Highlights from AI's power problem

My key takeaways from the series I wrote for Quartz about AI's Power Problem.

An abstract image of weights

This week, Quartz published a series of articles that I spent the last two months researching and writing. The series, called AI’s Power Problem, includes a state of play, a toolkit of people, podcasts, papers and books to follow as well as deep dives into what AI ethicists do and the nature of power in algorithmic systems. The full series is available to Quartz members.

This week’s newsletter is a highlights reel with a few of my personal observations - I hope you can check out the full series.

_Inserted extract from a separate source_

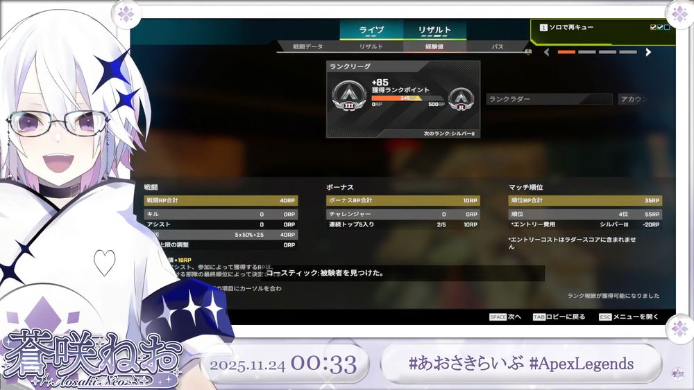 キャプチャトラブル継続なので、明日もAPEXで💫
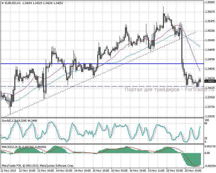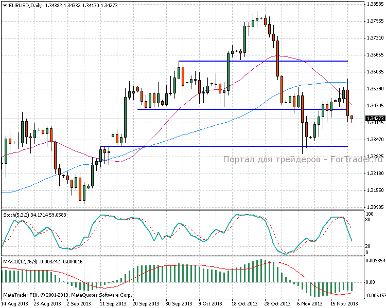 Вчера во второй половине дня прозвучали две ключевые новости. Во-первых, были опубликованы октябрьские протоколы заседания FOMC, которые оказались довольно нейтральными: сворачивание QE в декабре возможно, но более вероятно весной. Более существенным образом рынок отреагировал на слухи о планах со стороны ЕЦБ ввести отрицательные ставки на депозиты. Основная пара пробила поддержку 1,3460 и устремилась вниз. Дневной индикатор MACD вновь начал снижение.

1. There’s no such thing as unbiased AI

Getting rid of bias in AI is impossible. Bias is inherent in our world, it is an integral part of human experience. We need to get better at recognizing sources of bias before it is propagated at speed and at immense scale. The harm happens before we see it.

2. Bias propagates along existing seams of inequality

Unexpected consequences of AI are a key concern and they pop up all the time. But many of these consequences are able to be foreseen - it’s just that they can’t be anticipated by people who don’t understand existing prejudice. Common problems in AI come from inequities that are already well known; whether they are gender, race or other types of minority representation. The first question to ask is “what do we already know about bias in this context?”

3. There are some places we shouldn’t use AI

AI can be used everywhere, right? This is worth challenging. There are places where AI is a bad fit; where human systems of backup are fragile and easily biased. For example, before we use AI to ration access to scarce resources in human social systems, we may need to reform and repair those systems. A good example is pre-trial evaluation in the criminal justice system, where the practical realities of how judges use algorithmic recommendations appear to run counter to people’s constitutional rights.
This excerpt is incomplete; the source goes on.